Bottom line: some parts of the code generation process scale in a superlinear way.

In 2015 I wrote this paper, where I introduced the ScalableTestSuite library. In the following years, we have tested it extensively in OpenModelica, which allowed to find out many steps that scaled badly because of naive implementation.

We fixed the worst ones, see e.g. https://trac.openmodelica.org/OpenModelica/ticket/4146, so if you check the current performance you can see that in most cases the whole code generation phase scales as O(N).

A few issues remained, but at some point we figured out that it didn't really make sense to first flatten large models made by arrays to scalars and them make these steps more efficient on large scalar models - it's much better to avoid scalarizing the model in the first place and doing the steps on arrays, which can have O(1) complexity. So we stopped working on making the old backend more efficent and started working on a new array-preserving frontend, and a new array-preserving backend.

The new frontend is done.

The new backend is still far from maturity, but we are starting to get promising results on some really large models, see, e.g. LargeTestSuite_NB. Compare this to the results with the performance of the old backend LargeTestSuite_OB. I'm not sure Dymola can handle such very large models, maybe you can try and report. Of course these models are a bit dumb, who may want to simulate a spring-mass system with 1 million equations. But it still gives some useful indications.

Bottom line: we expect the new backend to be able to handle most (if not all) Modelica models in 2-3 years, at that point we'll have a dramatic improvement in compile time performance. If you find a big bottleneck in one of the step, for a model that is relevant for one of your applications, we could look into that, profile it and try to see if there is some obvious naivete in the implementation that can be fixed easily. Otherwise, I guess you'll have to be patient 😅

casella commented 4 months ago

BTW, you can count the number of equations of the line20 model in OMC by just checking the model. This should be quite fast. Compiling it is another story.

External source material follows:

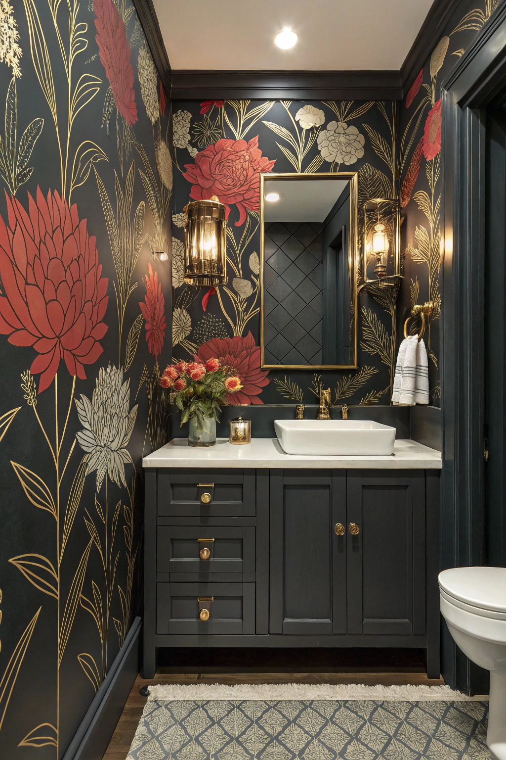 PinA striking wallpaper can completely redefine your dark bathroom, adding personality and style. Choose bold patterns, rich textures, or unique prints to create a mesmerizing focal point. Consider floral motifs or geometric designs that enhance the ambiance. Remember, the right wallpaper can transform an ordinary space into an extraordinary retreat, making every visit feel special and unique to your taste.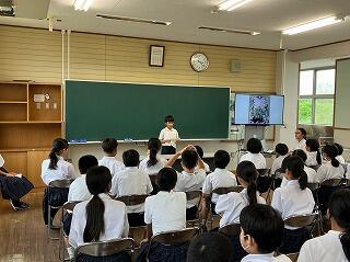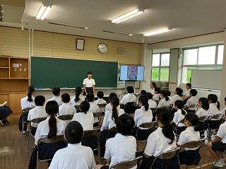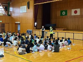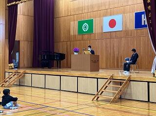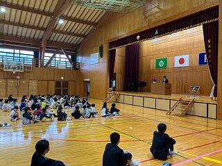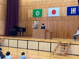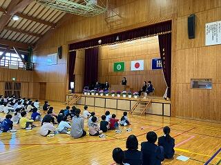 魔法の言葉である「ありがとう」「ごめんなさい」を伝えることで友達を大切にできるということを全校児童生徒に話されていました。

paultjevdh commented 4 months ago

Thanks for the explanation. I have noticed that openmodelica is much faster already that it was 3 years ago, so I know things are moving in the right direction.

casella commented 4 months ago

I thought again why some parts of code generation scale as O(N^2). It could be due to the fact that the inductor coupling part is dense, so the Jacobians have N^2 elements. If we generate the code to compute them symbolically, this could explain it. Once more, as soon as we have array-based handling, this could become O(1) in terms of code generation.